On 07/03/14 12:23, Robert wrote:
About a week ago I posted a patch to add Type 1 subset support to FOP. All referenced
Type 1 fonts (unless set to embedding-mode="full") will now be subset by
default much like the behaviour exhibited by TrueType and OpenType. As this is a big
feature and quite involved I think it is necessary to vote on whether to add this feature
in it's current state to FOP. I'm not sure if anyone has taken a look at what has gone
into this or tried it out yet, but it might be worth doing so before making your decision.
I am going to be away for the next week or so but will tally up the votes and
post the result once I am back.
Here is a link to the patch and issue:
From the quick look I had at the patch, I must say that some things are
sources of concern to me:
• The PostScript parser seems to be mixing lexical analysis, syntax
analysis and interpretation. This makes it hard to follow and I could
not figure out the meanings of the conditions in the various ‘if’
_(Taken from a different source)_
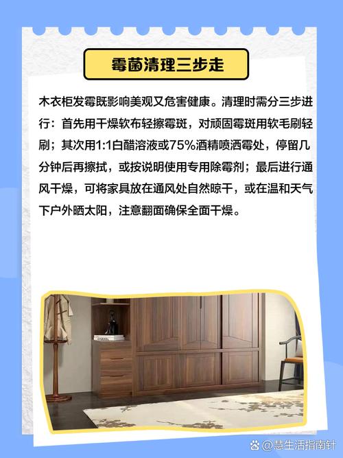 〖Five〗、首先,使用湿布彻底清洁发霉的木板内部,通常不需要洗涤剂就能擦净。清洁后,确保通风晾干。 注意,不要将刚穿过或长时间不穿的衣服长时间存放在衣柜中,尤其是冬季衣物,在放入前应妥善处理防霉。 鉴于南方湿度较大,应定期将衣物取出透气、见光,以防止霉变。

statements inside the ‘parse’ method. Also, part of the parsing seems
to be leaking into Type1SubsetFile. I’m concerned about the robustness
of the thing. For example, there are unguarded calls to
Integer.parseInt. How tolerant will that be to malformed font files?
• It seems that Type1SubsetFile tries to infer the mapping of character
codes to glyph names. That essentially re-does what the mapChar method
has already done earlier, with probable mismatch between the outputs
of the two methods. In Type1SubsetFile.readEncoding I see references
to the WinAnsi encoding, which may have nothing to do at all with the
font’s own encoding. I suspect this is the source of the exception
thrown when running the FO I attached to the issue.
• there is a lot of memory allocation. First, the font is entirely
loaded in memory in Type1SubsetFile.createSubset, then again in
PFBParser, plus data copied around when creating the subset. Surely
some of this memory allocation can be avoided. Have you profiled the
code? How much more slow is it compared to fully embedding the font?
Due to the possible regressions and the potential impact on performance,
I must vote -1 against enabling Type 1 subsetting by default. If Type 1
subsetting is left as an option that can be manually configured by the
user, then I vote +0.